Sophie Nivelle-Cardinale: "J'étais curieuse de savoir comment ça se passe de l'autre côté du miroir. On s'interroge sur sa propre pratique"

Dorothée Olliéric: "Je n'ai pas l'impression de juger le travail des autres. Il y a des coups de coeur, des évidences qui se dégagent."

Dorothée Olliéric, grand reporter à France 2 - Radio France
Dorothée Olliéric, grand reporter à France 2 © Radio France - Francis Gaugain

Les risques liés à votre métier, vous y pensez ?

Nicolas Hénin: "Il faut aller au plus près du danger. on sait que ça va arriver. On ne  sait pas si on sera blessé Pour l'instant je ne retournerai plus sur des terrains de conflit même si je ne sais pas faire grand chose d'autre.3

Nicolas Hénin, grand reporter, otage pendant 10 mois en Syrie - Radio France
Nicolas Hénin, grand reporter, otage pendant 10 mois en Syrie © Radio France - Francis Gaugain

 Avez-vous eu le sentiment de frôler la mort ?

Dorothée Olliéric: "Moi oui mais je ne sais pas pourquoi. En Egypte il y a deux ans j'ai eu droit à un simulacre d'éxecution. Je me suis dit j'arrive au bout et après ça passe, on oublie".

La photo du petit Aylan a fait le tour du monde, quel regard portez-vous sur cette photo ?

Véronique de Viguerie, photographe: "une photo a énormément de force. Avec internet, une photo en une heure peut faire pleurer la terre entière. cette photo devait être faite."

Nicolas Hénin: "c'est la pudeur de cette photo qui en a fait sa force. des photos d'enfants morts, il y en a plein les réseaux sociaux. l'horreur est accessible à tout un chacun. C'est justement la pudeur de cette photo qui a provoqué la force de cette image."

Etre une femme reporter de guerre, "un vrai atout" - Radio France
Etre une femme reporter de guerre, "un vrai atout" © Radio France - Francis Gaugain

Vous fixez-vous des limites ?

Sophie Nivelle-Cardinale: " Oui, on ne peut pas soutenir trois minutes de cadavres dans un JT. On fait dix secondes sur le cadavre de Kadhafi par exemple. Alors qu'en radio on peut tout raconter. Ce qui compte c'est "comment" on montre."

Dorothée Olliéric: "les images sont très édulcorées maintenant dans les JT. On bataille pour montrer des images qui sont dures mais qui ont du sens. Je bataille pour montrer un peu'

Parfois il faut montrer des images dures  sinon les gens continuent à manger leur soupe tranquillement sans lever le nez de leur assiette ... Dorothée Olliéric

Pour la première fois des journalistes sont morts en France pendant  l'exercice de leur métier, comment l'interprétez-vous ?

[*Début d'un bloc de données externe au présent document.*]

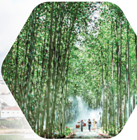
工行加快碳金融产品创新开发，为浙江竹碳汇产业发展注入金融活水。

Sophie Nivelle-Cardinale: " C'est dérangeant quand vous êtes chez vous et que vous entendez des hélicos qui passent au-dessus de chez vous. Ca rappelle que rien n'est acquis en matière de liberté d'expression."

Nicolas Hénin: _" Les conflits se sont sans cesse invités chez nous, la guerre au Liban nous a valu des actions en France. le terrorisme chez nous n'a jamais été que des importations de conflit. "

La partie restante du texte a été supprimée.